This is from the the delightful Irish organic website that Prof Trewavas threatened to sue into oblivion if they didn't retract a piece that referred to him as 'The Lying Professor'. They didn't retract.
...
http://www.planorganic.com/news&comment.htm
21th August 2002
Monsanto Wound Up

Poor Monsanto, they are getting very wound up these days. Nobody loves them anymore. Not even their own parent company, gigantic Pharmacia, who have just spun off their holdings of the wobbly ABC (Ag Biotech Corp) to shareholders.

Chief Executive Hendrik Verfaillie said, in perhaps the understatement of the week, that Monsanto needed to be  more transparent about its growth assumptions; "We are assuming no progress in Europe until 2005."

Profits for 2002 are predicted to be down by over 30%. Monsanto Ireland head, Paddy Riley (interview RTE Radio 1, 21st August) said that sales of GM seeds in Europe  were 'lagging'. He went on to say, that this is due to political considerations and not because of any inherent problems with the technology. Of course! Europe is so backward in not accepting this feed-the-world technology.

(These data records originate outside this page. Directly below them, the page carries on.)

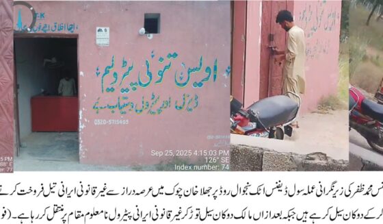 عرصہ دراز سے غیر قانونی ایرانی تیل فروخت کرنے والے تنولی پیٹرولیم پر چھاپہ مار کر وہاں سےبھاری مقدار میں ایرانی تیل برآمد کرکے دوکان موقع پر ہی سیل کردی
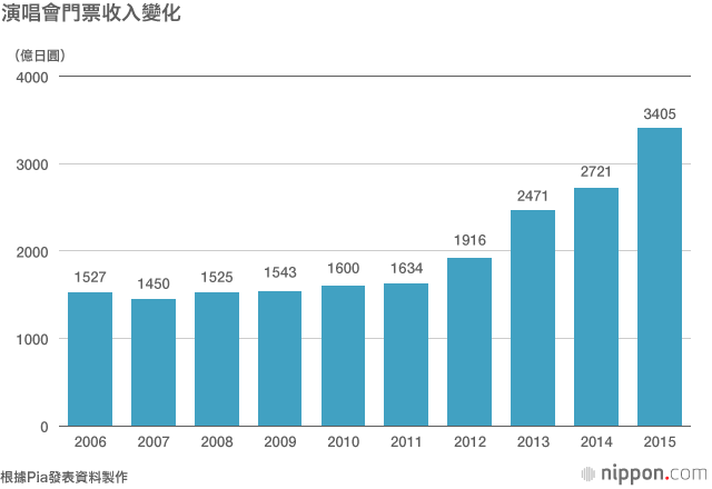 值得一提的是,雖然日本整體音樂市場持續低迷,但演唱會市場規模卻在不斷擴大。2015年達到3,405億日圓,已經超過實體唱片市場。日本人以另一種方式證明了自己對音樂的喜愛。隨著國內旅遊的火爆,如果能夠吸引更多外國遊客訪日,相信演唱會市場還會有很大的發展空間。
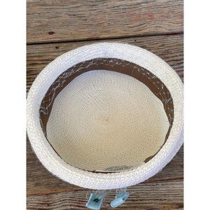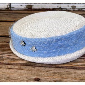 Vintage 1950s Straw Pill Box Hat Whit Rhinestone Bees Bugs
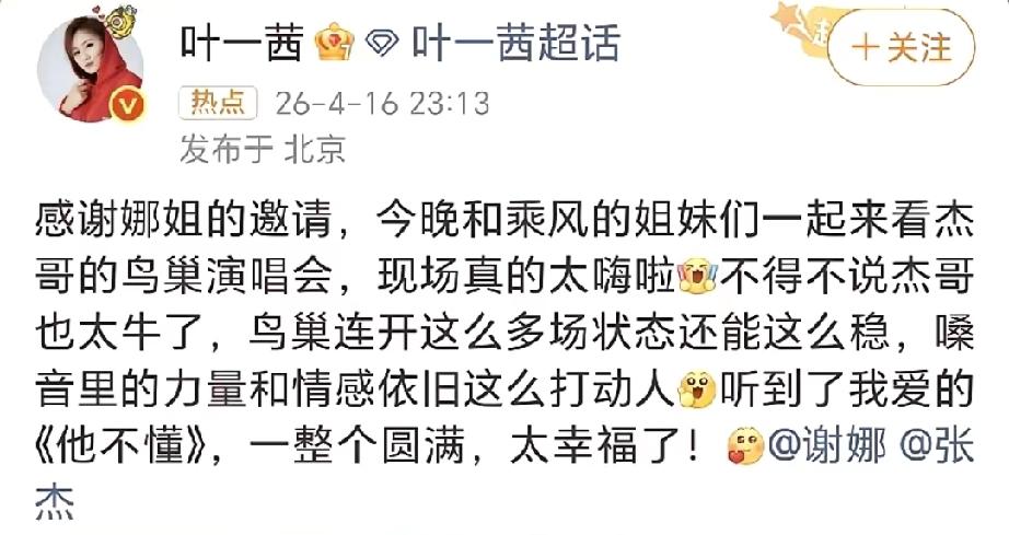 友情满分!叶一茜现身张杰鸟巢演唱会,发文感谢谢娜邀请 4月16日,叶一茜惊喜现身张杰北京鸟巢演唱会,现场氛围超嗨,她还在社交平台晒出现场美照,引发网友热议。 她不仅沉浸式听歌,如愿听到心爱歌曲,还和浪姐众姐妹、谢娜、杜海涛同框拍大合照,画面温馨满满。 随后叶一茜特意发文并艾特谢娜、张杰,暖心感谢娜姐的邀请,直言现场氛围超嗨,幸福感爆棚,一众好友齐聚,神仙友情太让人羡慕! 免责声明:文章描述过程、图片都来源于网络,此文章旨在倡导社会正能量,无低俗等不良引导。如涉及版权或者人物侵权问题,请及时联系我们,我们将第一时间删除内容!如有事件存疑部分,联系后即刻删除或作出更改。 张杰演唱会拍照 叶一茜红毯照
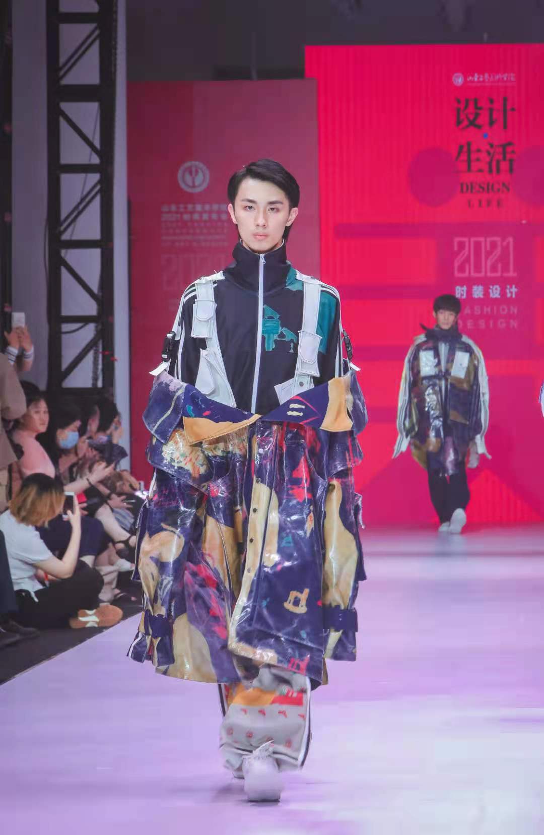 “时尚+创新”服装设计展演,绽放时代芳华。作为国家一流专业的服装与服饰设计专业、山东省一流专业表演专业和服装工程与设计专业2021届共有136名毕业生,此次共有90余套优秀作品参加展演。设计师立足用户需求,以问题为导向,积极探索中华优秀传统文化元素与现代科技的创造性结合以及对社会责任感的关注,分为传统服饰创新设计、产教融合设计、前瞻性设计三大板块,多角度展现服装学院学子的创新与设计能力,诠释了“设计服务生活”的设计理念。
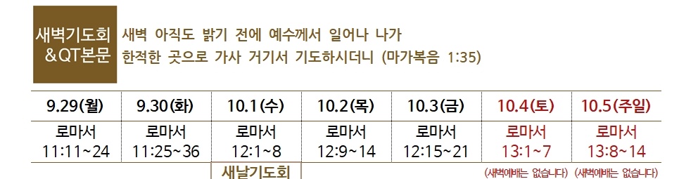 ❷ 10월 새날(월삭)기도회 : 10.1(수) 오전 5:00. (특송 : 청년부)
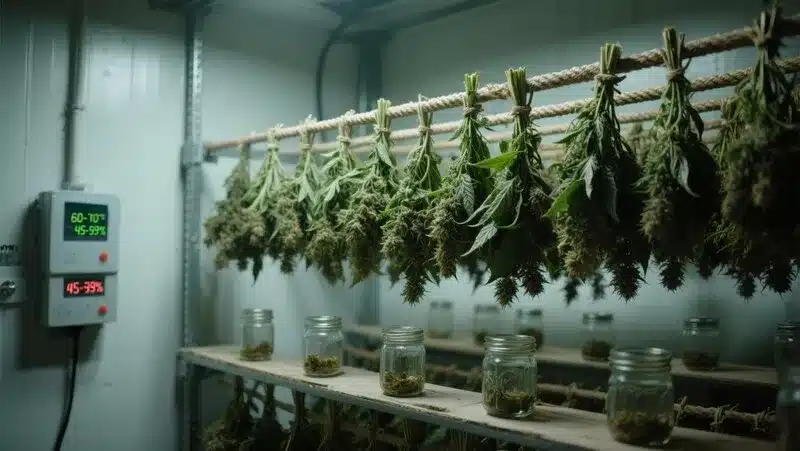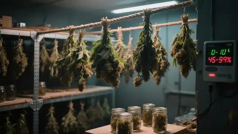 It’s not ideal to dry cannabis in a damp environment. High humidity levels heighten the risk of mold, which can ruin your entire crop. If you find yourself in a particularly humid area, ensure proper ventilation and consider integrating a dehumidifier into your setup to manage moisture levels effectively.
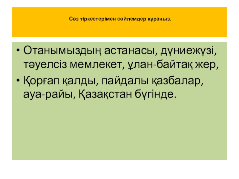 Отанымыздың астанасы, дүниежүзі, тәуелсіз мемлекет, ұлан-байтақ жер,
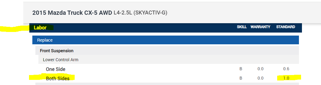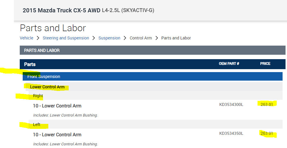 If you look at pics 1 and 2 below, they show the cost of the OEM new lower control arms which is expensive. Additionally, to install both only calls for one hour labor, so you would need to ask the dealer their labor cost.
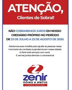 A Zenir Móveis e Eletros, com o intuito de ajudar os sobralenses nesse momento de retomada da economia, que está em sua primeira fase pós isolamento social, resolveu conceder um prazo mais elástico para que as pessoas possam pagar suas prestações em atraso, sem juros, e assim evitar aglomerações como as vistas no entorno de suas lojas na área central de Sobral.
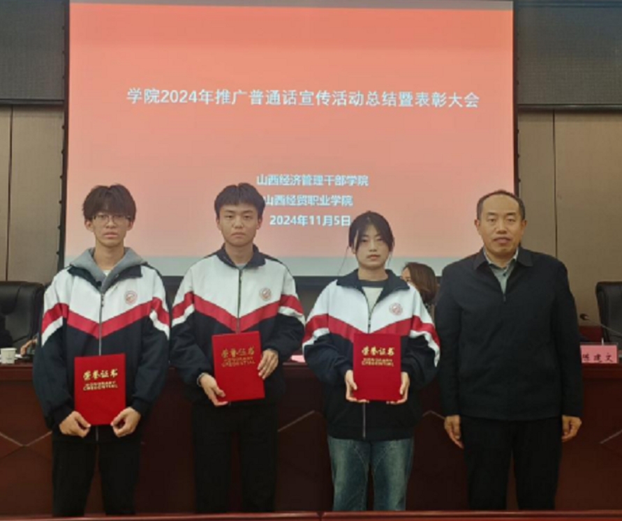 总结大会上,师振华为获得征文和手抄报比赛一等奖的同学颁奖,并合影留念。获奖学生代表经济管理系张景柯发言。她流畅而精彩的表达赢得了同学们的喝彩,让在场师生不仅看到获奖选手的风采,也感受到本次推普活动的成果和意义,认识到每个人都要从点滴做起,为推广传承中华文化做出自己的贡献。

We Europeans are such an ungrateful lot of pinkos! And now our Luddism, so they tell us, is causing  African countries to refuse GM grain aid. Zambia has just joined Zimbabwe and Mozambique in refusing the 'poisoned  chalice' (NGIN) of the ABCs offerings.
 
Sales of Monsanto's billion-dollar-earner weedkiller Roundup could be crucial in deciding the future fate of the  GM-pushing corporation. A blip in the progress of Roundup Ready GM crops could cause sales of the herbicide to dive. On top of that, the patent on Roundup, their best-selling brand accounting for almost 45% of revenues, has just expired in the US.
 
And other prospects for the GM industry are looking decidely shaky these days too as the activism of anti-GM protesters seems finally to be seeping through to major policy makers.   Michael Meacher, British AgMin, said on Monday that "Britain would not be 'bounced' into accepting GM crops by the US".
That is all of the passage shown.